1. Structure of Policy Network and Value Network#

class Agent(nn.Module):
    def __init__(self, envs):
        super().__init__()
        # Critic network: maps states to values (uses a neural network to estimate the quality of states)
        self.critic = nn.Sequential(
            layer_init(nn.Linear(np.array(envs.single_observation_space.shape).prod(), 64)),
            nn.Tanh(),
            layer_init(nn.Linear(64, 64)),
            nn.Tanh(),
            layer_init(nn.Linear(64, 1), std=1.0), # Initialization of the last layer is crucial for learning stability
        )
        # Actor network: maps states to action probabilities (the neural network outputting the policy)
        self.actor = nn.Sequential(
            layer_init(nn.Linear(np.array(envs.single_observation_space.shape).prod(), 64)),
            nn.Tanh(),
            layer_init(nn.Linear(64, 64)),
            nn.Tanh(),
            layer_init(nn.Linear(64, envs.single_action_space.n), std=0.01), # A smaller standard deviation ensures the initial policy is approximately uniform
        )

This is a typical dual-network architecture:

  • The actor (policy network) outputs the probability distribution of actions.
  • The critic (value network) predicts the value of states.
  • Both networks use a simple two-layer MLP structure (64-64).
  • Orthogonal initialization is used to help with training stability.

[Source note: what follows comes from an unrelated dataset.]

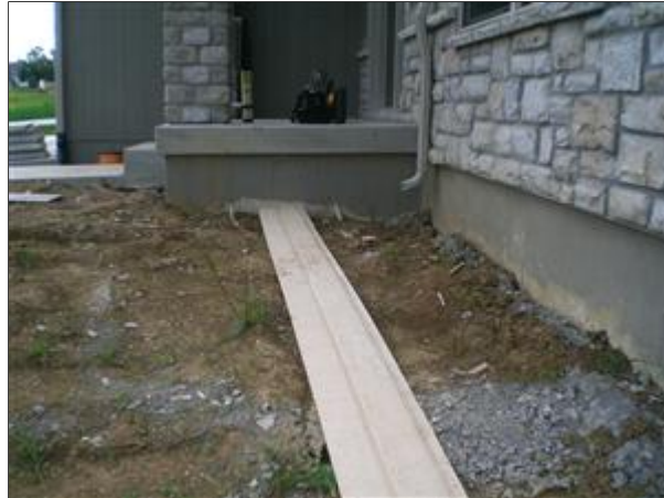
2.4 Picture 1

To insure proper drainage from house and to protect the foundation, slope from house should be at least 1" per foot for at least 6'. There is negative slope at the north / front side of the house. I would also recommend adding an underground extension to the downspout at this area to properly divert water away from the foundation.

2. Implementation of GAE (Generalized Advantage Estimation)#

# GAE calculation: backward recursion to compute the advantage function and return values
with torch.no_grad():
    next_value = agent.get_value(next_obs).reshape(1, -1)
    advantages = torch.zeros_like(rewards).to(device)
    lastgaelam = 0
    for t in reversed(range(args.num_steps)):
        # Elegant implementation of GAE (Generalized Advantage Estimation)
        # Can be understood as the exponentially weighted sum of temporal difference errors
        delta = rewards[t] + args.gamma * nextvalues * nextnonterminal - values[t]
        advantages[t] = lastgaelam = delta + args.gamma * args.gae_lambda * nextnonterminal * lastgaelam
    returns = advantages + values  # Return values = Advantage function + Value estimate

This code demonstrates the recursive calculation process of GAE:

  • It computes the TD error (delta) from back to front.
  • It accumulates these TD errors in an exponentially weighted manner.
  • The gamma and lambda hyperparameters control the bias-variance trade-off of the value estimates.

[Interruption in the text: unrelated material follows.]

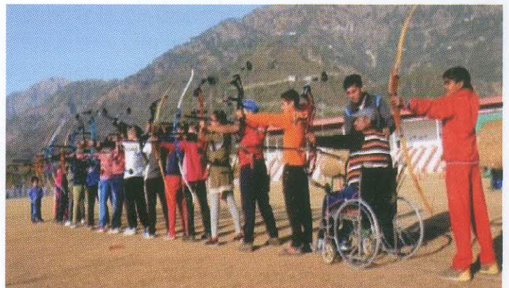
Archers in action at Shrine Board's Complex

During January 2018, a 15-day winter coaching camp was organised by Shrine Board at its Sports Complex with the intent of honing skills of budding sportspersons of the area. Chess, Carrom, Badminton, Volleyball, Tug of War and Table Tennis tournaments were organised for Shrine Board employees during the period. The coaching camps were also organised in different disciplines like Archery, Basketball, Rifle Shooting for the SMVD University students.

3. Core Loss Function Calculation of PPO#

# The core of PPO: improving the policy while preventing excessive changes
_, newlogprob, entropy, newvalue = agent.get_action_and_value(b_obs[mb_inds], b_actions.long()[mb_inds])
ratio = (newlogprob - b_logprobs[mb_inds]).exp()  # Importance sampling ratio

# The famous PPO-Clip objective function
pg_loss1 = -mb_advantages * ratio
pg_loss2 = -mb_advantages * torch.clamp(ratio, 1 - args.clip_coef, 1 + args.clip_coef)
pg_loss = torch.max(pg_loss1, pg_loss2).mean()  # Pessimistic (worst-case) policy loss

# The value function loss also uses clipping to stay close to old predictions
if args.clip_vloss:
    v_loss_unclipped = (newvalue - b_returns[mb_inds]) ** 2
    v_clipped = b_values[mb_inds] + torch.clamp(
        newvalue - b_values[mb_inds],
        -args.clip_coef,
        args.clip_coef,
    )
    v_loss_clipped = (v_clipped - b_returns[mb_inds]) ** 2
    v_loss = 0.5 * torch.max(v_loss_unclipped, v_loss_clipped).mean()

# Comprehensive loss function: combining policy loss, value loss, and entropy reward term for exploration
loss = pg_loss - args.ent_coef * entropy_loss + v_loss * args.vf_coef

This implements the three key components mentioned earlier:

  • The Clipped Surrogate Objective is implemented using the max operation for clipping.
  • The value function loss also uses a clipping mechanism (this is a feature of OpenAI's implementation).
  • The entropy reward term is used to encourage exploration.

The IPFS platform crashed some time ago, which delayed the release of this article. After this is published, the Huggingface DeepRL series will officially conclude!